Having followed a seemingly normal course until now, after reaching the Cleveland area, Flight 93 suddenly makes a sharp turn to the south. It then makes another turn back eastward, cutting through West Virginia’s Northern Panhandle before re-entering Pennsylvania. [Washington Post, 9/12/2001; Pittsburgh Post-Gazette, 9/13/2001; 9/11 Commission, 8/26/2004, pp. 41] Having thus turned 180 degrees, it now heads toward Washington, DC. [CNN, 9/13/2001]
Before 9:37 a.m. September 11, 2001: Army Base near Pentagon Holding Air Field Fire Fighting Training
At the Education Center at Fort Myer, an army base 1.5 miles northwest of the Pentagon, the base’s firefighters are undertaking training variously described as “an airport rescue firefighters class”; “an aircraft crash refresher class”; “a week-long class on Air Field Fire Fighting”; and a “training exercise in airport emergency operations.” Despite hearing of the first WTC crash during a break, with no access to a TV, the class simply continues with its training. According to Bruce Surette, who is attending the session: “We had heard some radio transmissions from some other units in Arlington about how they thought they had a plane down here or a plane down there. So you’re thinking, ‘Hey this could be real.’ But it really didn’t strike home as being real until our guy came on the radio and said where the plane crash was.” The Fort Myer firefighters then immediately head for the Pentagon, arriving there at 9:40 a.m., only three minutes after it is hit, and participate in the firefighting and rescue effort there. The fire station at the Pentagon heliport is actually operated by the Fort Myer Fire Department, and is manned on the morning of 9/11 by three Fort Myer firefighters who have already undertaken the airfield firefighting training. [MDW News Service, 10/4/2001; Pentagram, 11/2/2001; Journal of Emergency Medical Services, 4/2002
; US Department of Health and Human Services, 7/2002
; First Due News, 4/17/2003] The Fort Myer military community, which includes Fort Myer and Fort Lesley J. McNair—another army base, just two miles east of the Pentagon—was scheduled to hold a “force protection exercise” the week after 9/11. However this has been cancelled, so just prior to the attacks the morning of September 11, “some of its participants [are] breathing a sigh of relief.”
[Pentagram, 9/14/2001]
9:37 a.m.

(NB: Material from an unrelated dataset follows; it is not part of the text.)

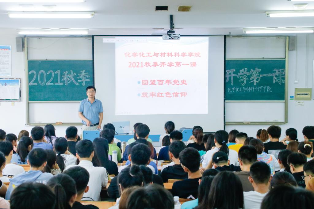 为深入推进党史学习教育,切实做好思想政治工作,8月30日下午,化学化工与材料科学学院2021年秋季开学思想政治教育第一课开讲。学院党总支副书记艾衍辉为学生讲授《回望百年党史,筑牢红色信仰》。
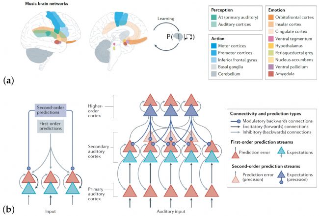 圖5. 音樂通過幾個不同的區域和相關網絡影響大腦。(a)不同解剖區域與音樂感知的關聯概述。(b)音樂預測編碼(PCM)模型

September 11, 2001: Pentagon Law Enforcement Deputy Finally Makes Call to Raise Alert Level
At the time the Pentagon is struck, a member of the Defense Protective Service (DPS), which guards the Pentagon, is in the process of ordering the threat level be raised. John Pugrud, the deputy chief of the DPS, has met with DPS Chief John Jester, and Jester directed him to instruct the DPS Communications Center to raise the Force Protection Condition up one level, from Normal to Alpha (see (Shortly Before 9:37 a.m.) September 11, 2001). The moment the Pentagon is hit, Pugrud has the phone in his hand to dial the center. When his call is answered, he can hear the center’s alarms activating and radio calls taking place. The dispatcher yells: “We’ve been hit! We’ve been hit! Wedge one. Wedge one.” According to the Defense Department’s book about the Pentagon attack, no one in DPS has received any warning of a hijacked aircraft heading toward Washington. [Goldberg et al., 2007, pp. 152] No steps have been taken to alert Pentagon employees or evacuate the building. [Vogel, 2007, pp. 429] Around 30 minutes after the attack occurs, the US military will increase its threat level to Defcon Delta, the highest possible level (see (Between 10:10 a.m. and 10:35 a.m.) September 11, 2001). [CNN, 9/4/2002] This will be reduced to “Charlie” before the end of the week. [US Department of Defense, 9/16/2001; USA Today, 9/16/2001]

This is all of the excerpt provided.